[[ Records supplied, beginning ]]

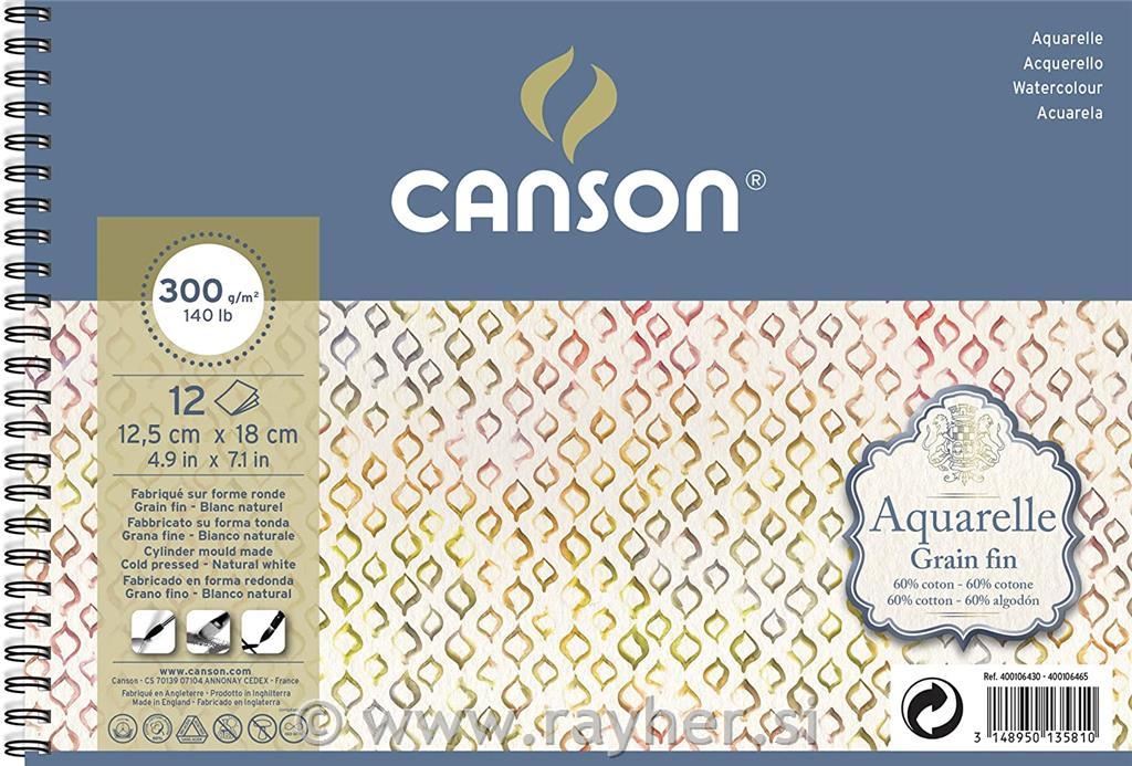 Blok akvarelni spirala Aquarelle Canson 12,5x18 cm 300 g, 12 listni; Cold Presse
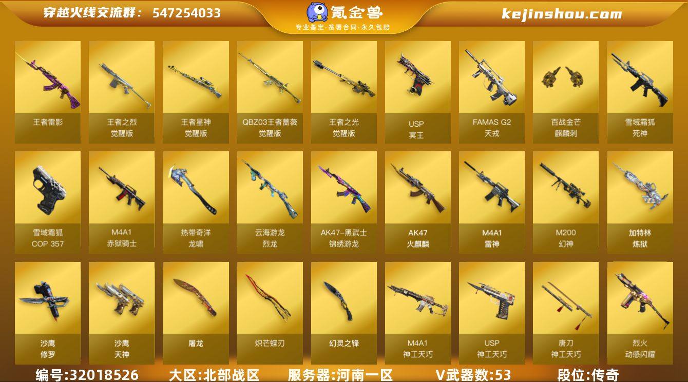 河南一区-59V-6王者武器数-0炫金武器数 【热门武器】:M200-幻神,QBZ03-街机,加特林-炼狱,沙鹰-修罗,炽芒蝶刃 【王者炫金武器】:王者雷影 【音效卡】:炼狱-百战金芒-庆典舞曲音效卡,死神-雪域霜狐-怀旧音效卡 【皮肤】:M200-幻神-荣耀世冠白鲨,M4A1-再燃火线,黑武士-典韦皮肤,轻型军用手斧-再燃火线 【角色】:晴雅,隐,零·纪元,战地猎狐,雪域霜狐,奇洋探员,乔伊教练,云海玲珑,葵-阿尔法武装,暗夜-X,初恋灵狐,飞虎队-X,嘉年华灵狐,卡塔琳娜,兰-新年限定,灵狐者-X,麻雀,潘多拉-X,铁骑荣耀,兔囡囡,游珑儿 【人偶武器】:AWM-灵狐-15周年嘉年华,迷你深渊冰龙,迷你波特博士*2,迷你生化手雷,深渊终结者手雷,迷你巨石泰坦-魔花研究所 【暴走生化】:KAC-狂怒咆哮,超级对讲机 【挑战大师】:冰龙粉碎者-白马银枪,激光毁灭者III-白马银枪*2 【英雄级武器】:AK47-火麒麟,M4A1-雷神,QBZ03-天罚,M4A1-神工天巧,黑武士-锦绣游龙,FAMAS G2-天戎,死神-雪域霜狐,烈火-动感闪耀,王者之烈-觉醒版,QBZ-03-王者蔷薇-觉醒版,白虎之魄-觉醒版,M200-幻神,王者之光-觉醒版,王者星神-觉醒版,加特林-炼狱,烈龙-云海游龙,沙鹰-修罗,沙鹰-天神,USP-神工天巧*3,COP 357-雪域霜狐,USP-冥王,天神-动感闪耀,修罗-云海游龙,屠龙,幻灵之锋,炽芒蝶刃,唐刀-神工天巧,屠龙-动感闪耀,擎天-云海游龙,龙啸-热带奇洋,麒麟刺-百战金芒,高爆手雷-幻灵,高爆手雷-神工天巧*6,手雷-动感闪耀,手雷-云海游龙,手雷-热带奇洋,闪光弹-幻灵,闪光弹-神工天巧*6,烟雾弹-幻灵,烟雾弹-神工天巧*4,M4A1-赤狱骑士 【道具】:EP战队炫彩背包,云海游龙炫彩背包,亚洲杯纪念炫彩背包,奇洋探员-海龟背包,女皇终结者-背包,百战金芒炫彩背包,虎牙炫彩背包,超级背包,雪域霜狐炫彩背包,救世...
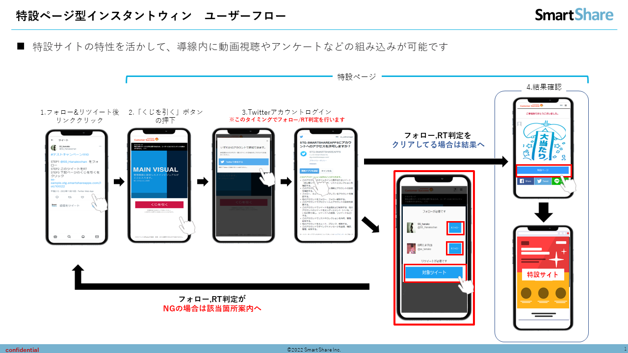 ⇒ OWNLYの特設サイト型インスタントウィンを活用することで、「該当ツイートのRT」および「対象アカウントのWフォロー」の実施判定が可能になります。これを行うことでTwitterユーザーの皆様に期待する行動を必ず実施して頂くことが出来ます。
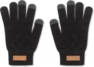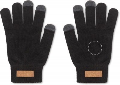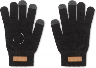 Tactile gloves for smartphone in RPET polyester with cork label for printing area. Cork is 100% natural material. Due to its structural nature and surface porosity the final print result per item may have deviations.
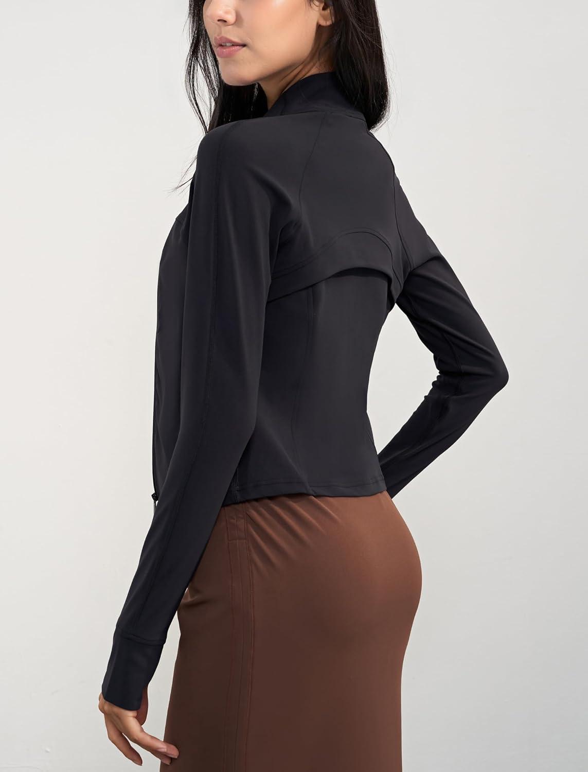 Yvette Women's Athletic Full Zip Lightweight Workout Jackets with Thumb Holes Gym Shirts Running Clothes with Pocket(Black)

[[ Records supplied, end ]]

The task
In the reply, every line of the material above is to be reproduced verbatim, and the images are to be left out.

Reply to the exercise
 Blok akvarelni spirala Aquarelle Canson 12,5x18 cm 300 g, 12 listni; Cold Presse
 河南一区-59V-6王者武器数-0炫金武器数 【热门武器】:M200-幻神,QBZ03-街机,加特林-炼狱,沙鹰-修罗,炽芒蝶刃 【王者炫金武器】:王者雷影 【音效卡】:炼狱-百战金芒-庆典舞曲音效卡,死神-雪域霜狐-怀旧音效卡 【皮肤】:M200-幻神-荣耀世冠白鲨,M4A1-再燃火线,黑武士-典韦皮肤,轻型军用手斧-再燃火线 【角色】:晴雅,隐,零·纪元,战地猎狐,雪域霜狐,奇洋探员,乔伊教练,云海玲珑,葵-阿尔法武装,暗夜-X,初恋灵狐,飞虎队-X,嘉年华灵狐,卡塔琳娜,兰-新年限定,灵狐者-X,麻雀,潘多拉-X,铁骑荣耀,兔囡囡,游珑儿 【人偶武器】:AWM-灵狐-15周年嘉年华,迷你深渊冰龙,迷你波特博士*2,迷你生化手雷,深渊终结者手雷,迷你巨石泰坦-魔花研究所 【暴走生化】:KAC-狂怒咆哮,超级对讲机 【挑战大师】:冰龙粉碎者-白马银枪,激光毁灭者III-白马银枪*2 【英雄级武器】:AK47-火麒麟,M4A1-雷神,QBZ03-天罚,M4A1-神工天巧,黑武士-锦绣游龙,FAMAS G2-天戎,死神-雪域霜狐,烈火-动感闪耀,王者之烈-觉醒版,QBZ-03-王者蔷薇-觉醒版,白虎之魄-觉醒版,M200-幻神,王者之光-觉醒版,王者星神-觉醒版,加特林-炼狱,烈龙-云海游龙,沙鹰-修罗,沙鹰-天神,USP-神工天巧*3,COP 357-雪域霜狐,USP-冥王,天神-动感闪耀,修罗-云海游龙,屠龙,幻灵之锋,炽芒蝶刃,唐刀-神工天巧,屠龙-动感闪耀,擎天-云海游龙,龙啸-热带奇洋,麒麟刺-百战金芒,高爆手雷-幻灵,高爆手雷-神工天巧*6,手雷-动感闪耀,手雷-云海游龙,手雷-热带奇洋,闪光弹-幻灵,闪光弹-神工天巧*6,烟雾弹-幻灵,烟雾弹-神工天巧*4,M4A1-赤狱骑士 【道具】:EP战队炫彩背包,云海游龙炫彩背包,亚洲杯纪念炫彩背包,奇洋探员-海龟背包,女皇终结者-背包,百战金芒炫彩背包,虎牙炫彩背包,超级背包,雪域霜狐炫彩背包,救世...
 ⇒ OWNLYの特設サイト型インスタントウィンを活用することで、「該当ツイートのRT」および「対象アカウントのWフォロー」の実施判定が可能になります。これを行うことでTwitterユーザーの皆様に期待する行動を必ず実施して頂くことが出来ます。
 Tactile gloves for smartphone in RPET polyester with cork label for printing area. Cork is 100% natural material. Due to its structural nature and surface porosity the final print result per item may have deviations.
 Yvette Women's Athletic Full Zip Lightweight Workout Jackets with Thumb Holes Gym Shirts Running Clothes with Pocket(Black)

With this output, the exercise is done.